In the sphere above, the shaded area defined by the points A, B, C clearly makes a triangle. My question is, can the complement of this area, that is everything on the sphere that is white, also be considered a triangle? It is continuous and contains three edges.
You can do more than that. Triangles can be defined by reversing one, two or all three sides of what we ordinarily consider triangles, provided we use the proper supplementary or reflex angles to define the "interior" angles corresponding to the side orientations.
We illustrate with a triangle $ABC$ with $A$ at the projected face center of an inscribed cube, $B$ at an adjacent vertex and $C$ at an edge center adjacent to the face center $A$ and vertex $B$. From the geometric construction the angles at $A,B,C$ respectively measure $45°,60°,90°$ ad the respective opposing sides measure $35°,45°,55°$; the sides are rounded to the nearest degree for brevity.
Now say we reverse side $a$, going the long way around the sphere from $B$ to $C$. Now $a$ will gave the reflex measure $325°$, angles $B$ and $C$ becone their supplentary values $120°$ and $90°$, and angle $A$ measured on the same side of the perimeter as angles $B$ and $C$ takes on the reflex value $315°$. Sides $b$ and $c$ remain $45°$ and $55°$. Strange as these numbers may seem, if you plug them into spherical trigonometric laws such as the Law of Sines and the Laws of Cosines, they fit perfectly well apart from the rounding mentioned earlier.

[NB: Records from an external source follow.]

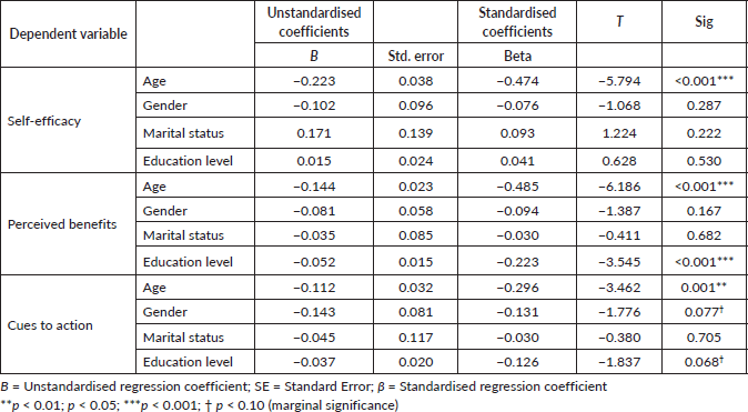 Results: The mean age of participants was 54 years; 54% were male and 46% female. Overall, 38% used social media for healthcare purposes. Perceptions across the HBM constructs were moderate to high. Cues to action had the highest mean score at 3.19 standard deviation (SD = 0.546), followed by perceived benefits (M = 3.13, SD = 0.429) and self-efficacy (M = 3.11, SD = 0.677). Age significantly negatively predicted self-efficacy (B = −0.223, β = −0.474, p < 0.001), perceived benefits (B = −0.144, β = −0.485, p < 0.001) and cues to action (B = −0.112, β = −0.296, p = 0.001).
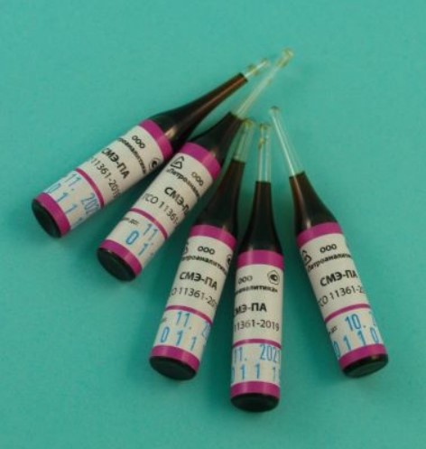 Стандартный образец массовой доли сероводорода, метилмеркаптана и этилмеркаптана в нефти (СО СМЭ-ПА, ГСО , МСО 2237:2020) предназначен для аттестации методик измерений и контроля точности результатов измерений массовой доли сероводорода, метилмеркаптана и этилмеркаптана в нефти, газовых конденсатах и легких углеводородных фракциях нефти по ГОСТ Р 50802, ГОСТ 33690 и ГОСТ 32918.
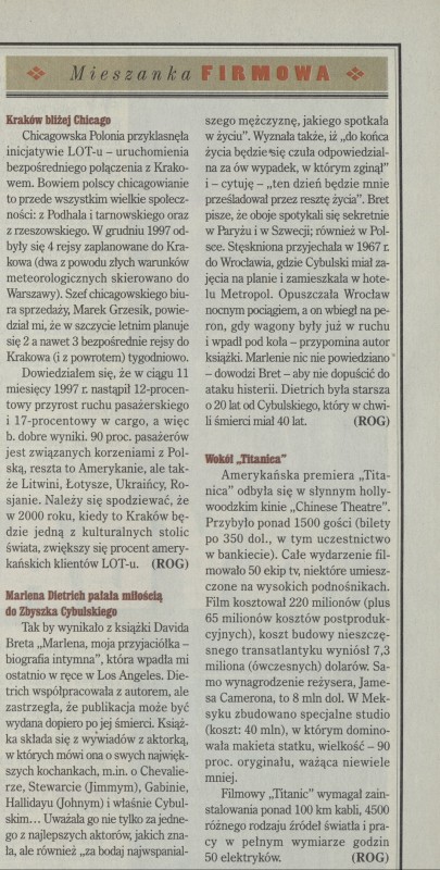 Archiwum / Mieszanka firmowa nr 2753 (27/1998) 13/49 Podziel się Tytuł Mieszanka firmowa Rubryka Mieszanka firmowa Artykuł z numeru 2753 (2754/1998) Data wydania 29 marca 1998 Tagi loty Titanic Dietrich
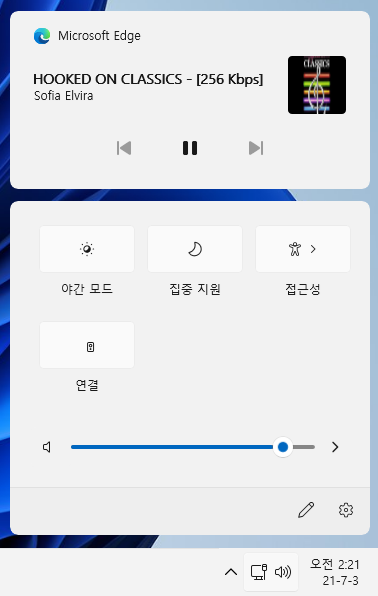 작업 표시줄 우측 하단의 네트워크, 사운드 버튼을 클릭하면 뜨는 창도 많이 바뀌었다.
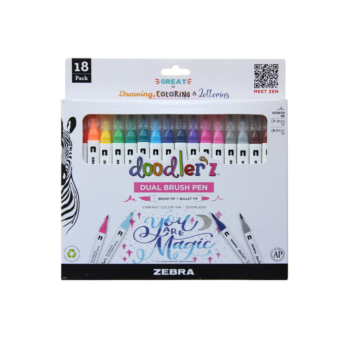 Create, draw, color, and more! Zebra doodler z Dual Brush Pens feature a double ended design with a flexible brush tip for thick and thin strokes and a bullet tip for writing and underlining. A water-based ink allows for watercolor effects when using them with a paint brush or water brush pen and AP certification makes them safe for students. Available in a set of 18 vibrant colors.
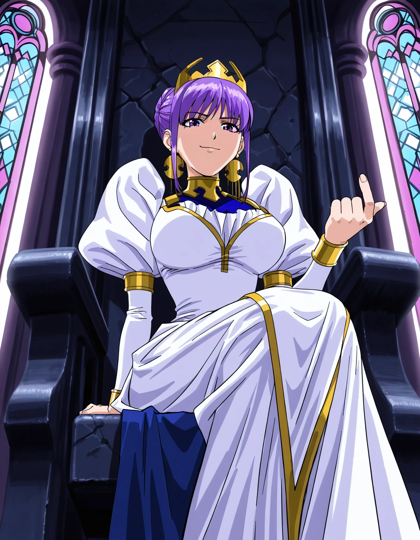 ju713t74, single hair bun, (purple hair:0.6), (purple eyes:0.6), crown, earrings, white dress, (blue dress:0.8), puffy sleeves
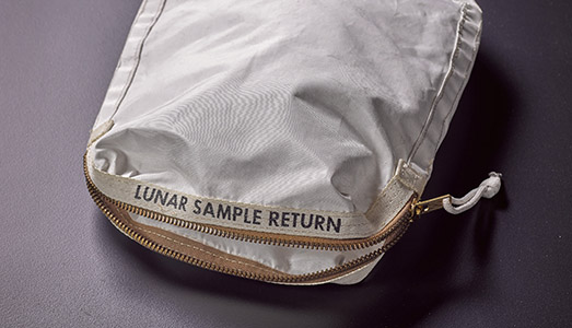 L’asta include un gruppo di oggetti associati a Apollo 11, l’apice dell’esplorazione spaziale. Uno di questi, forse il più importante è la cosiddetta borsa lunare: un sacchetto con cui Neil Armstrong raccolse i primi campioni di terreno lunare nel suo primo allunaggio. Dopo che Apollo 11 è tornato sulla Terra, quasi tutte le attrezzature della missione sono state inviate al Smithsonian, tutte tranne questa borsa. Tracce di polvere di luna e piccola roccia sono incorporati in quello che è l’unico artefatto della missione Apollo 11 in mani private.
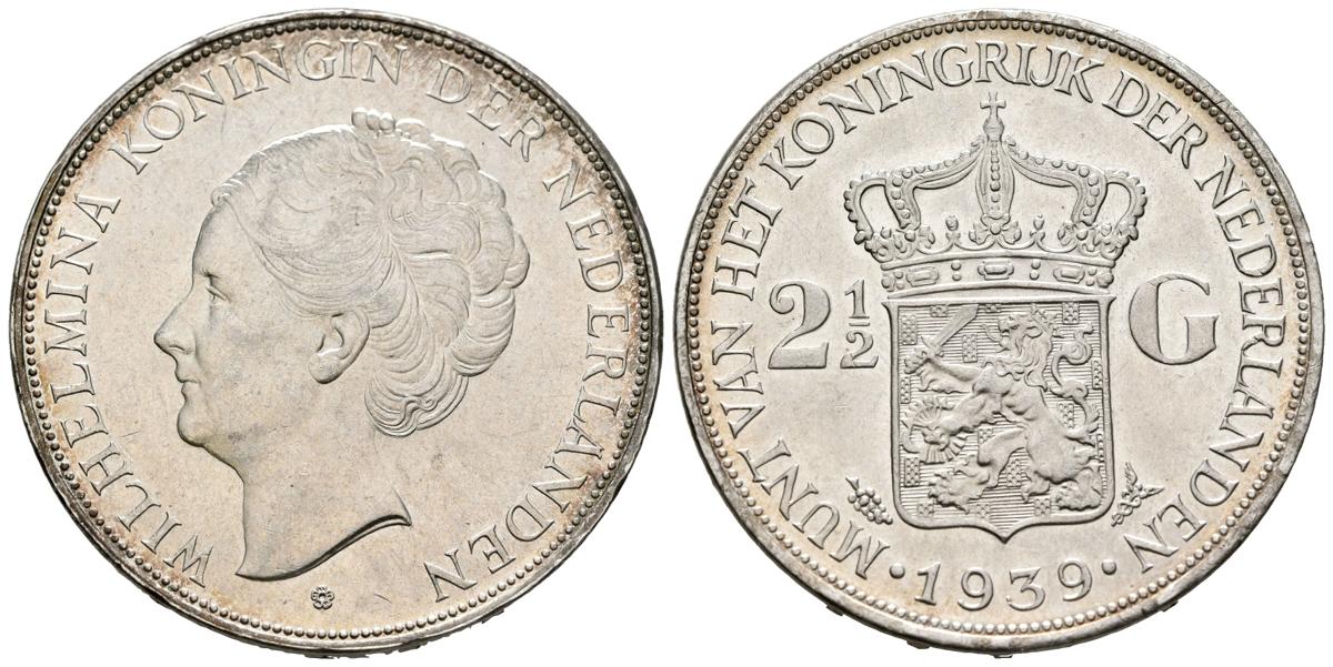 PAÍSES BAJOS. 2 1/2 Gulden (Ar. 25,01g/38mm). 1939. Wilhelmina. (Km#165) EBC-. Ligeras marquitas.
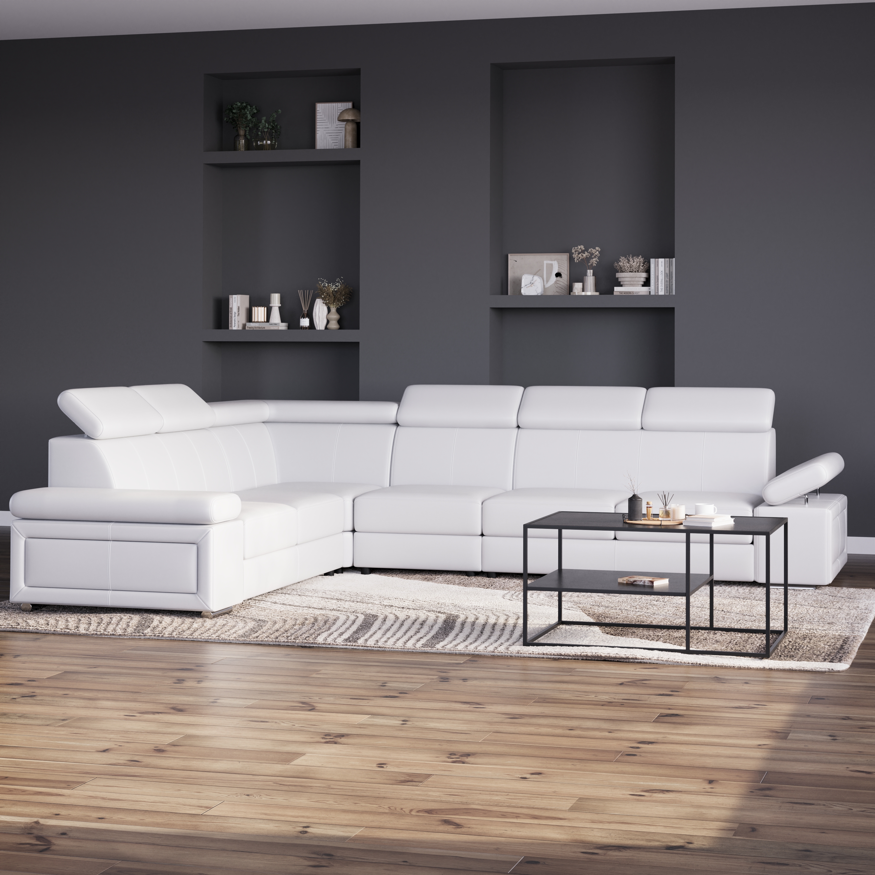 When modern elegance and maximum comfort meet: the CRISTIANO corner sofa. This elegant sofa shines with its aesthetic faux leather upholstery and discreet silver-coloured sofa feet. 5 to 6 people can easily be accommodated on the spacious seating and reclining areas. The adjustable headrests and the reclining area give this unique sofa that certain something. Furnish your home in a particularly design-savvy way with this corner sofa!
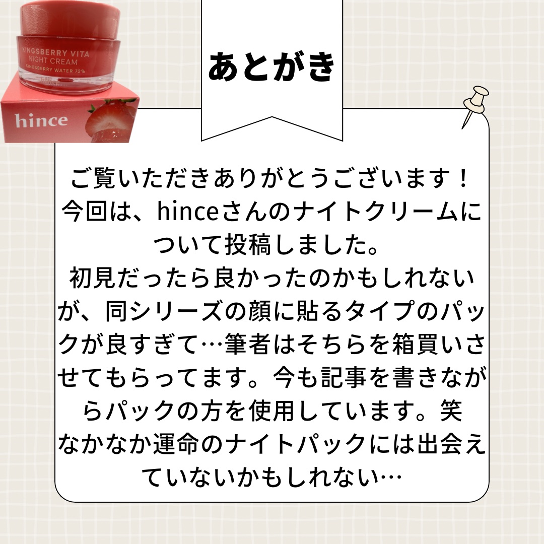 hinceキングスベリービタナイトクリームビタミンと抗酸化成分が豊富※1な「キングスベリー」に着目した、さっと塗って寝るだけで、毎朝の"メイクノリいい"を叶えるナイトクリーム。・肌のトーン※2・キメ・ツヤを集中ケアし、朝のメイクノリがいいグラ...
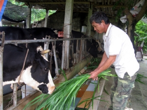 Tìm hiểu mô hình nuôi bò sữa nơi đây chúng tôi đến gia đình ông Chu Văn Bằng, một trong những hộ đầu tiên nuôi bò sữa tại thôn Cầu Chang, xã Bồ Lý. Ông Bằng cho biết: sau nhiều năm gắn bó với chăn nuôi lợn, gà nhưng do hay bị dịch bệnh, giá cả thì bấp bênh, lợi nhuận thấp và không ổn định, năm 2011 gia đình đã chuyển đổi sang chăn nuôi bò sữa, ban đầu mua 2 con. Để có kinh nghiệm chăn nuôi bò sữa, ông thường xuyên đi học hỏi kinh nghiệm từ những người chăn nuôi ở các nơi như Vĩnh Thịnh (Vĩnh Tường), Thái Hòa (Lập Thạch)… tìm hiểu qua sách, báo. Nhờ chịu khó học hỏi kinh nghiệm, đàn bò của gia đình phát triển tốt và đem lại thu nhập cao. Theo ông Bằng, nuôi bò sữa không khó bởi bò sữa ít bị bệnh dịch, nhưng người nuôi bò sữa phải chịu khó, tuân thủ chế độ nuôi dưỡng và thời gian cho ăn hàng ngày. Nhằm đảm bảo chi phí đầu vào và chất lượng sữa, ngoài nguồn cỏ tươi, ông cho bò ăn thêm thức ăn chăn nuôi tổng hợp. Trung bình mỗi ngày, một con bò ăn hết khoảng 10kg thức ăn tổng hợp và 20 kg cỏ tươi. Ngoài 6 sào ruộng, tất cả đất vườn quanh nhà được gia đình ông tận dụng trồng cỏ voi, đảm bảo đủ thức ăn cho bò quanh năm.
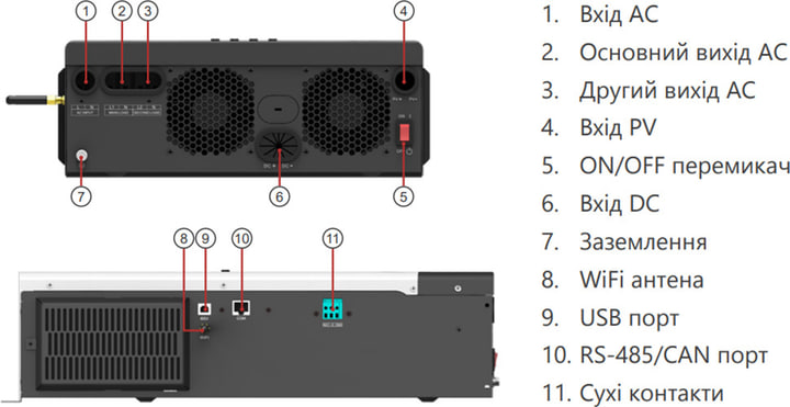 MPPT: 2×27А, сумарна потужність PV до 12 кВт
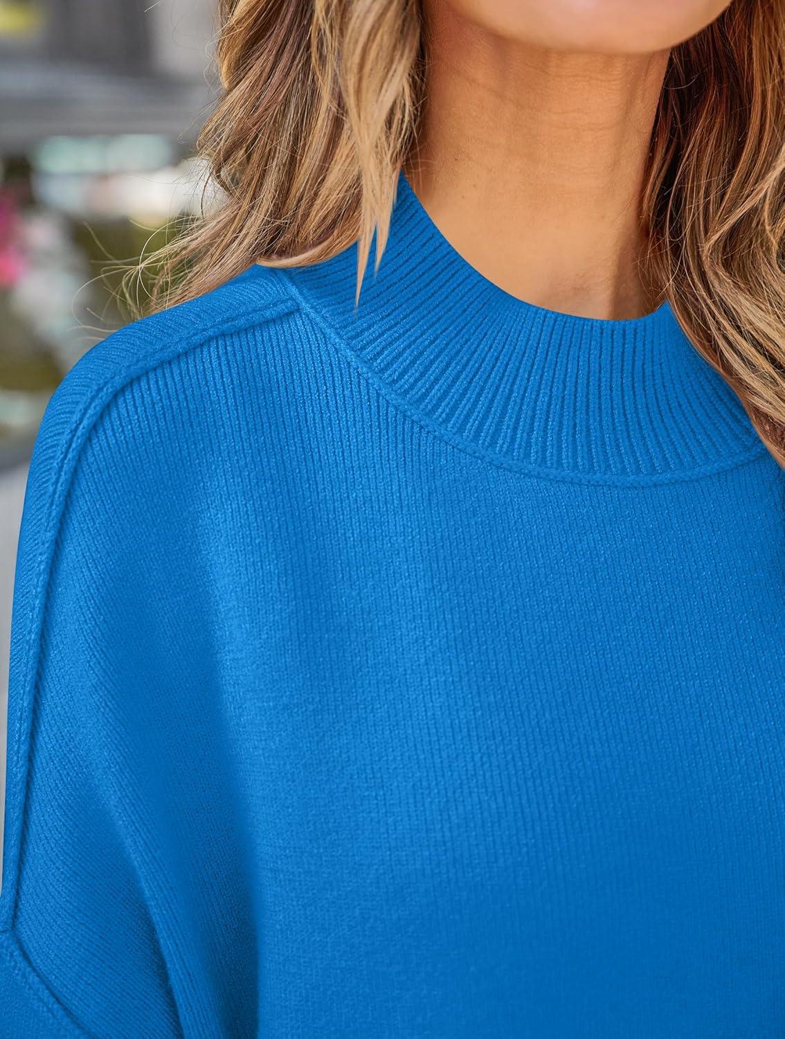 ZESICA Women's Fall 2025 Casual Long Sleeve Crew Neck Side Slit Oversized Ribbed Knit Pullover Sweater Tops(Brightblue)

One thing that does change is the angle sum: it was $195°$ for the original triangle but now is $525°$ for the interior angles as defined in this paragraph. Reversing side $a$ leads to a different, in this case larger, portion of the sphere being enclosed with the supplementary angles at $B$ and $C$ and the reflex angle at $A$.
We may similarly render:
$a,b$ reversed: $A,B,C=325°,315°,55°;a,b,c=135°,120°,270°$
$a,b,c$ reversed: $A,B,C=325°,315°,305°;a,b,c=315°,240°,270°$
We may do similar things in Euclidean geometry, exchanging the triangle for a figure containing open rays along the sides that were reversed or turned inside-out. For example, in what we usually call the $3-4-5$ right triangle the angles measure $37°,53°,90°$ (rounded where necessary). Now draw the hypotenuse the "wrong" way, forming rays that lie along the line between the vertices but going to infinity instead of between the vertices. Taking the supplementary angles on the reversed hypotenuse as interior angles, they now measure $143°,127°$. The right angle, measured on the same side of the boundary, now measures $270°$. The Laws of Sines and Cosines are now consistent with the sides measuring $3,4,-5$ instead of $3,4,+5$; the reversed orientation corresponds to the length effectively becoming negative. The Pythagorean Theorem, conveniently relating only even powers of the sides, still holds.